What you have to do ▸ Pictures stay out of the answer, but every line of the material must be restated exactly.

Given material ▸
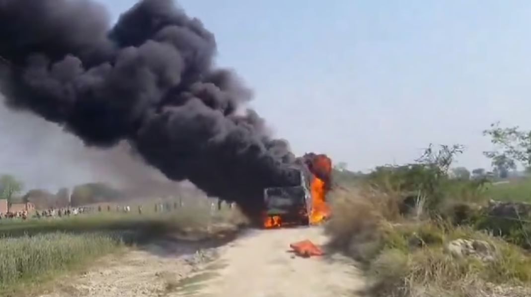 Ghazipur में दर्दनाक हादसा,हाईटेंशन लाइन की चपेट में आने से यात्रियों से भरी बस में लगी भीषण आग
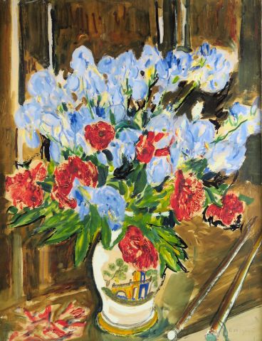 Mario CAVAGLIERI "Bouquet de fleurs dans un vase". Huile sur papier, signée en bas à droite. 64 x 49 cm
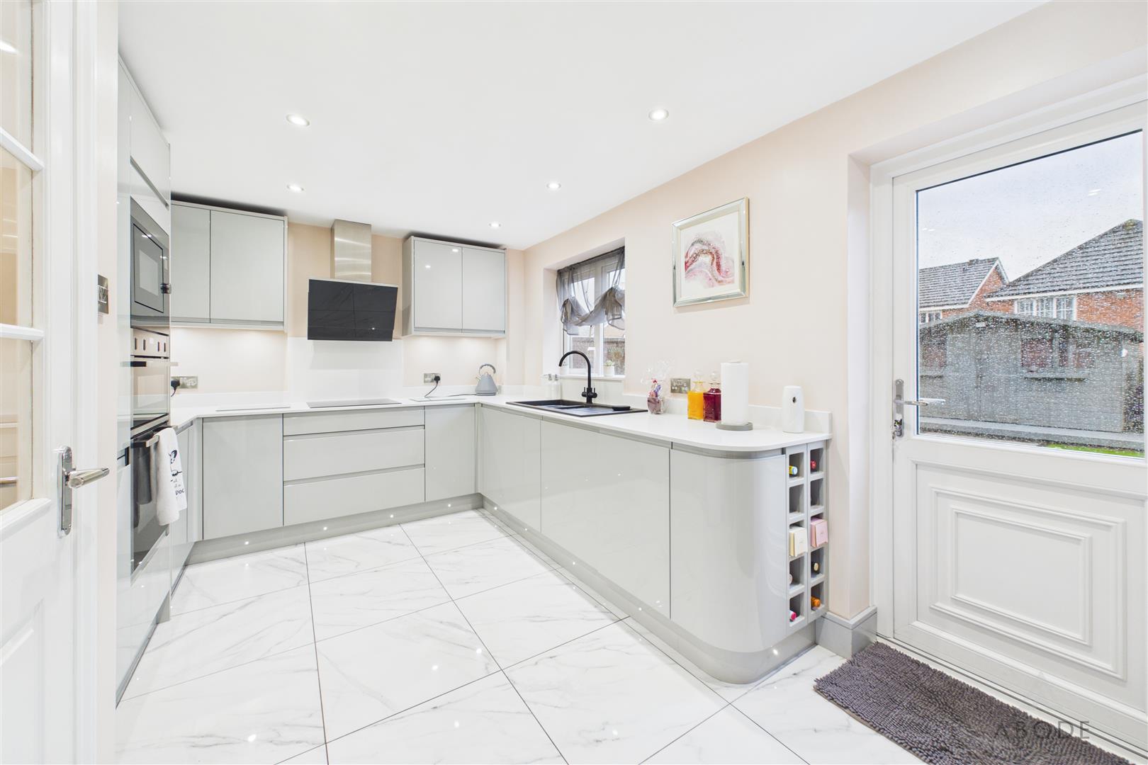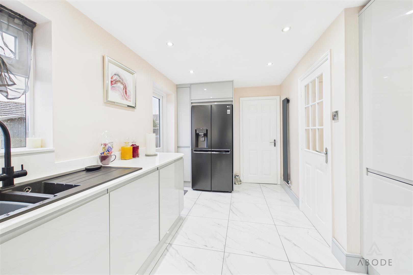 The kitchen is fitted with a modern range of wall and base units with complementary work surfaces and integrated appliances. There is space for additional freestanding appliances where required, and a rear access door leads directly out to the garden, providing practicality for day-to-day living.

Answer box ▸
 Ghazipur में दर्दनाक हादसा,हाईटेंशन लाइन की चपेट में आने से यात्रियों से भरी बस में लगी भीषण आग
 Mario CAVAGLIERI "Bouquet de fleurs dans un vase". Huile sur papier, signée en bas à droite. 64 x 49 cm
 The kitchen is fitted with a modern range of wall and base units with complementary work surfaces and integrated appliances. There is space for additional freestanding appliances where required, and a rear access door leads directly out to the garden, providing practicality for day-to-day living.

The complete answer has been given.